You are given two integer sequences of length n: an array a and an array b.

You can perform the following operation any number of times:

• Increase an element a[i] by 1 at a cost of b[i].

Your goal is to make all the elements in array a distinct (i.e. no two elements are equal) while minimizing the total cost. However, before you start modifying the array, you are allowed to perform an unlimited number of operations to swap any two elements in array b (i.e. swap b[i] and b[j] for any 1 ≤ i, j ≤ n). This means you can arbitrarily reassign the cost multipliers among the indices.

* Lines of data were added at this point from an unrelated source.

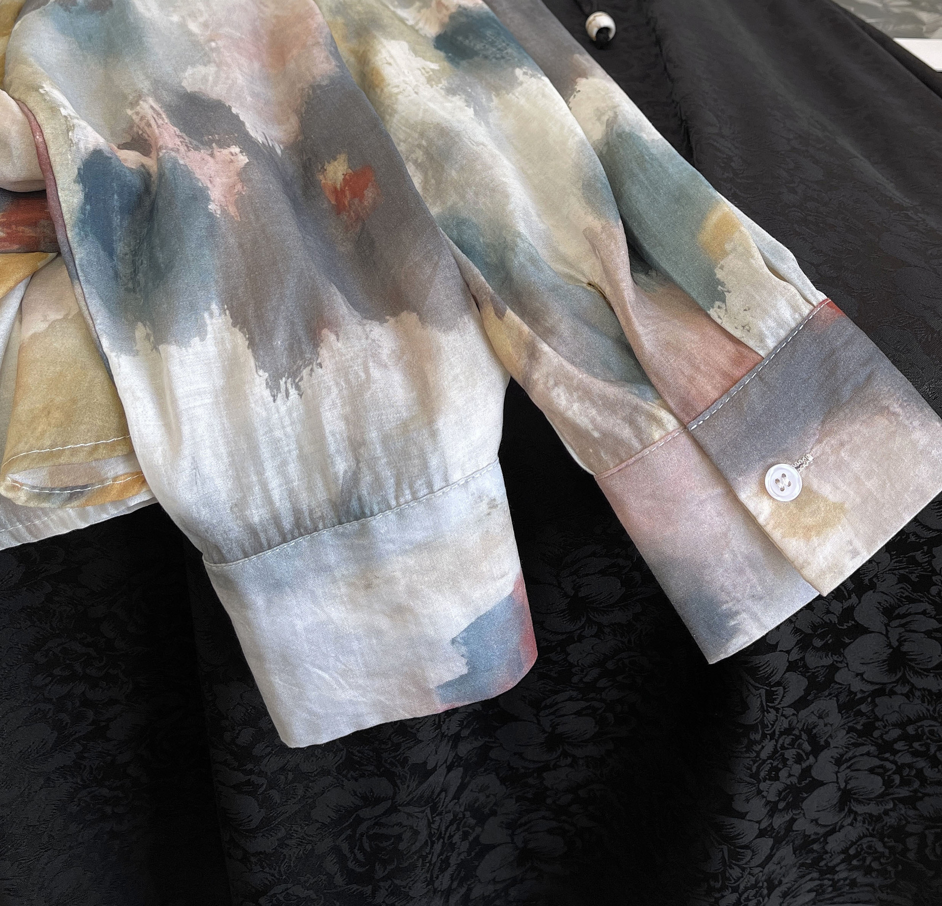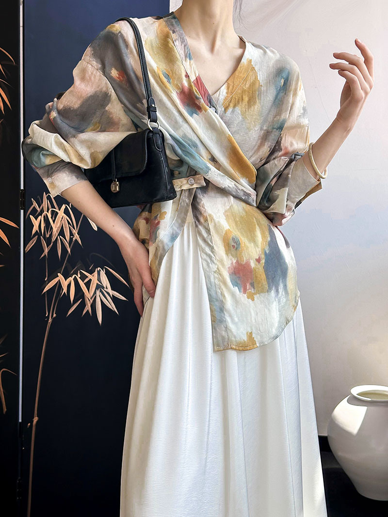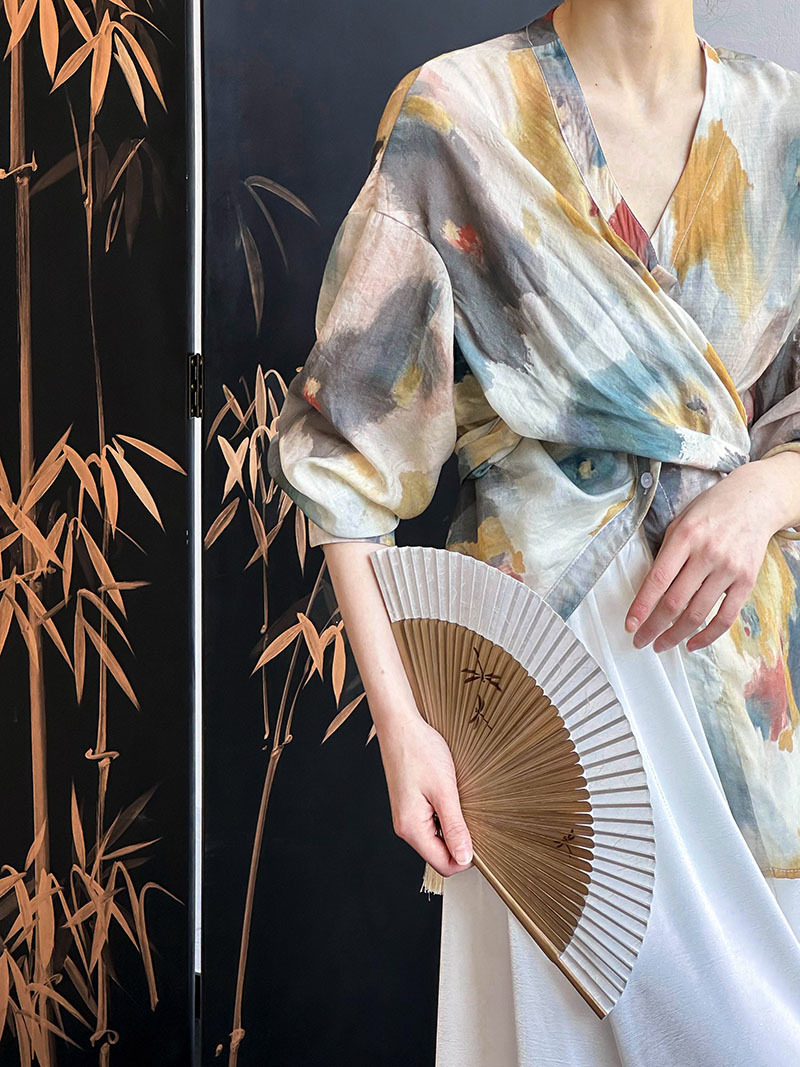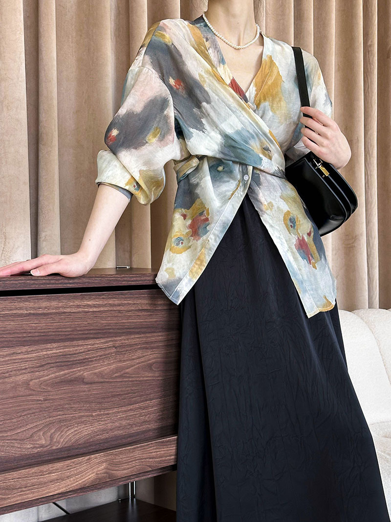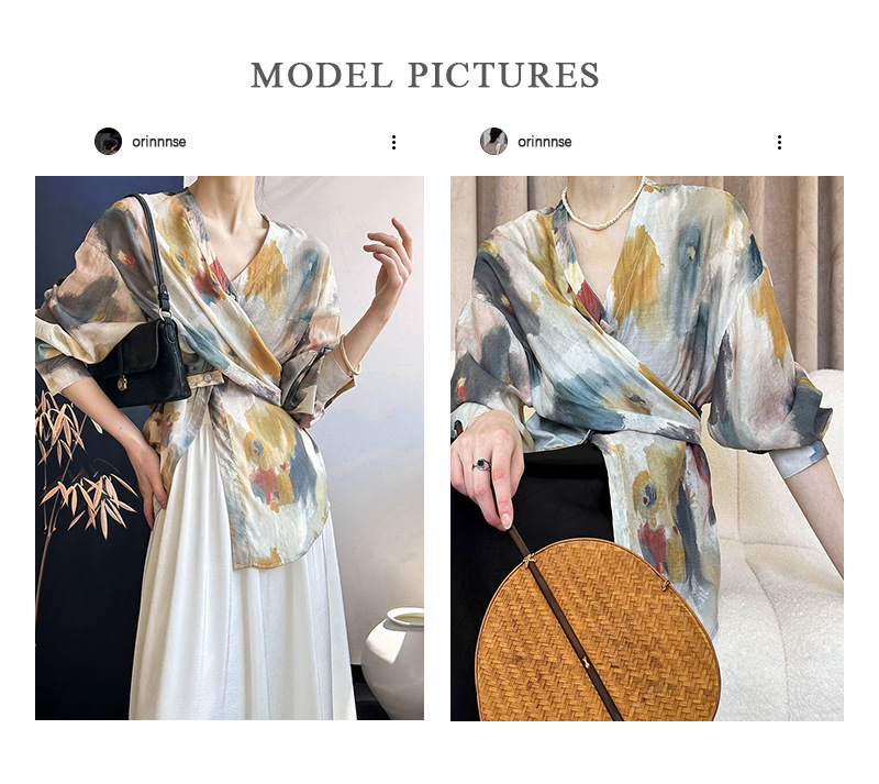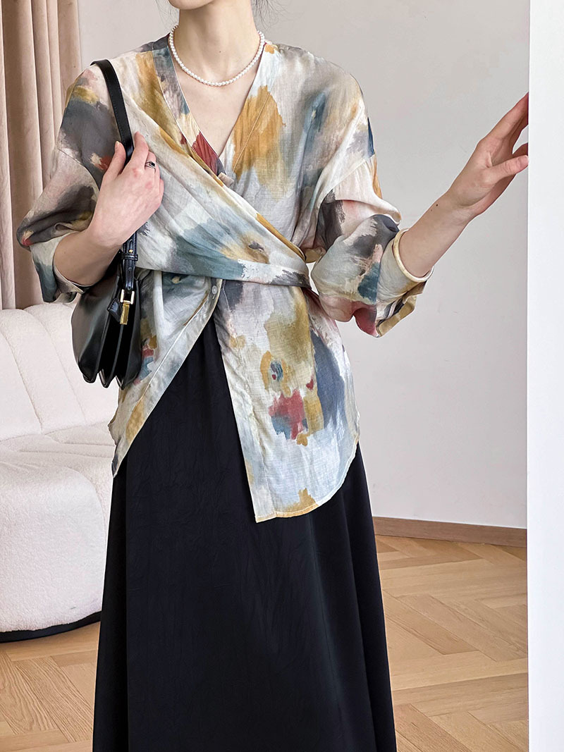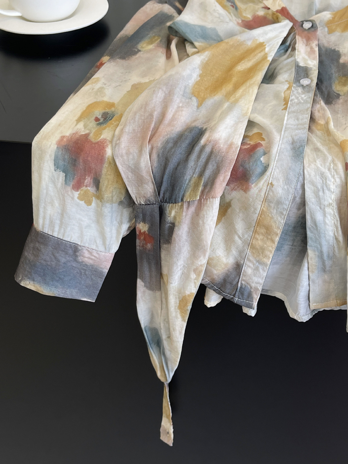 Áo kiểu dáng rộng tay thướt tha, phù hợp mặc trong mùa hè. Cổ chữ V cùng dây buộc mềm mại giúp tôn dáng người mặc. Chất vải nhẹ có khả năng ngăn nắng, in họa tiết loang màu nhẹ nhàng. Mẫu mã riêng biệt, dễ dàng phối với nhiều trang phục khác. Có thể mặc đi làm, dạo phố hay dự những buổi gặp mặt thân mật. | Tên sản phẩm: Áo Sơ Mi Nữ Cổ Chữ V Hàng Mùa Hè - Thời Trang Nữ | Mã sản phẩm: L0586 - Giá: 880.000đ | Mã nhà sản xuất: HADUN-G03Hình ảnh sản phẩm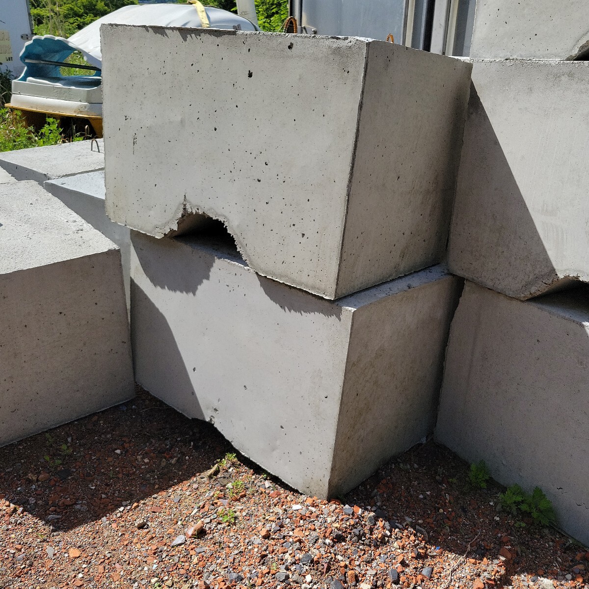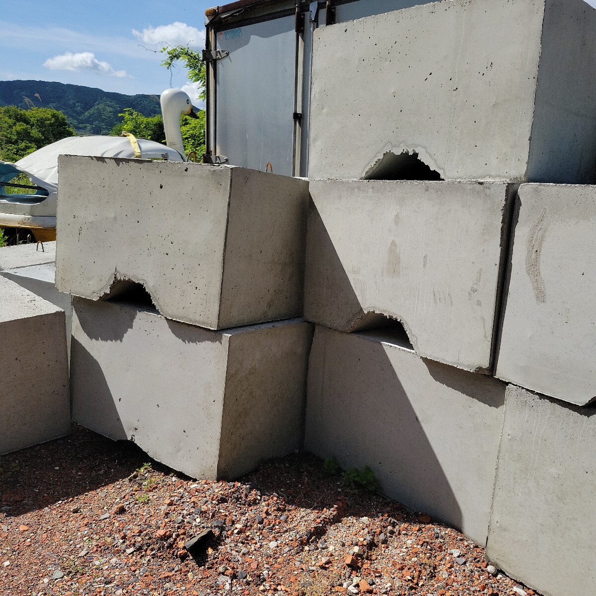 残コンで作ったブロックです。幅62cm 長さ95cm高さ60cm重さ700キロぐらいのブロックです。工場のフェンスや仕切りや独立基礎等いかがですか?使い道いろいろあります。近ければ有料ですが配達も出来ます。少しのカケ等あります。よろしくお願いいたします。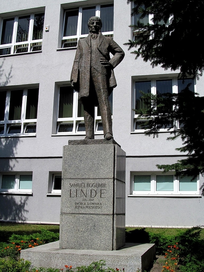 Przed Książnicą Kopernikańską w Toruniu stoi pomnik urodzonego w tym mieście Samuela Bogumiła Lindego (na zdjęciu), który odsłonięto w grudniu 1976 r. Pomnik jest dziełem artysty-rzeźbiarza Witolda Marciniaka.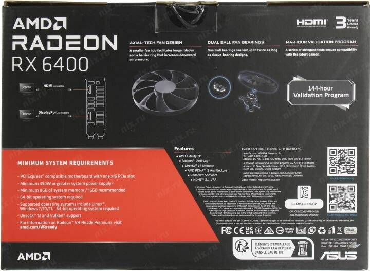 | Название видеокарты | AMD Radeon RX 6400 |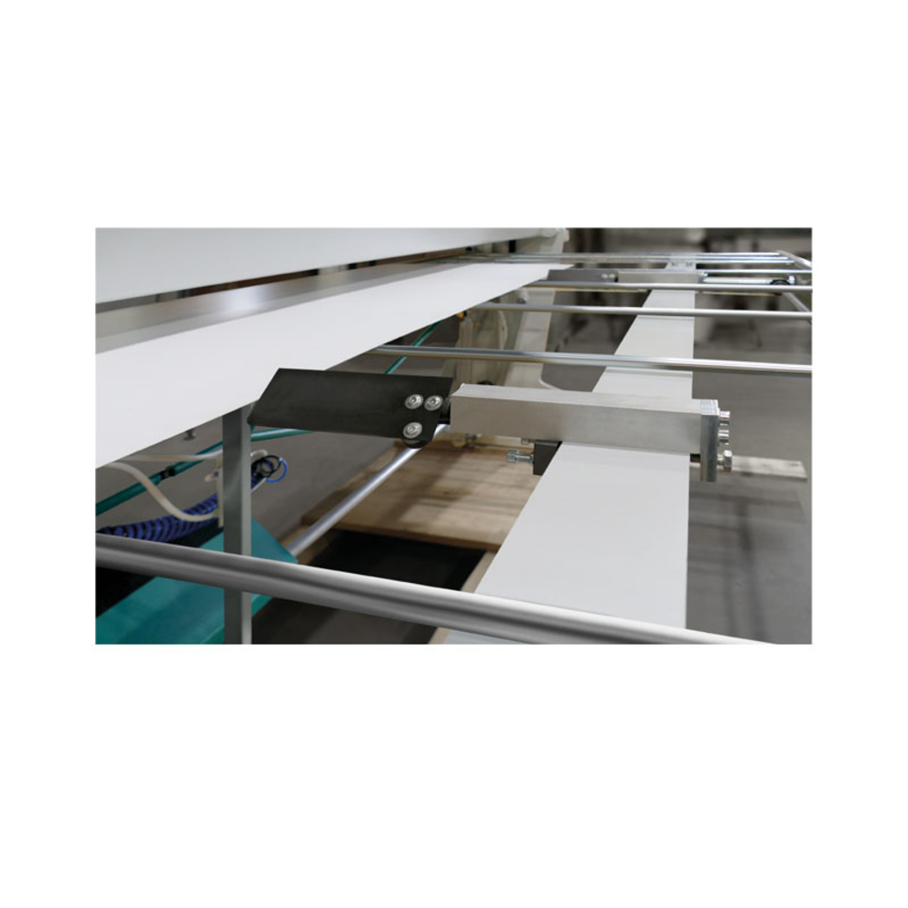 Découvrez la butée arrière à courroie, idéale pour la plieuse PVX2040, offrant une course de 750 mm.

Because the answer can be large, output the answer modulo \(2^{64}\) (i.e. 18446744073709551616).

Hints:

• Since swapping b is free, you can assign the cheaper costs to the indices which require more increments.
• A natural approach is to first sort the array a and then for each consecutive element, force the current element to be at least one more than the previous element. Let the increments required be \(inc[i] = f[i] - a[i]\) where \(f[i]\) is the final value for a[i].
• Once you calculate the required increments, sort these values in descending order, and sort the array b in ascending order. Then, by the rearrangement inequality, the minimum total cost is \(\sum_{i=0}^{n-1} inc_{desc}[i] \times b_{asc}[i]\).

inputFormat

The first line contains a single integer n (1 ≤ n ≤ 10⁵), representing the length of the arrays.

The second line contains n integers, the elements of array a (\(a_i\)).

The third line contains n integers, the elements of array b (\(b_i\)).

outputFormat

Output a single integer, the minimum total cost to make all elements in a distinct, taken modulo \(2^{64}\).

sample

2
1 1
100 1

1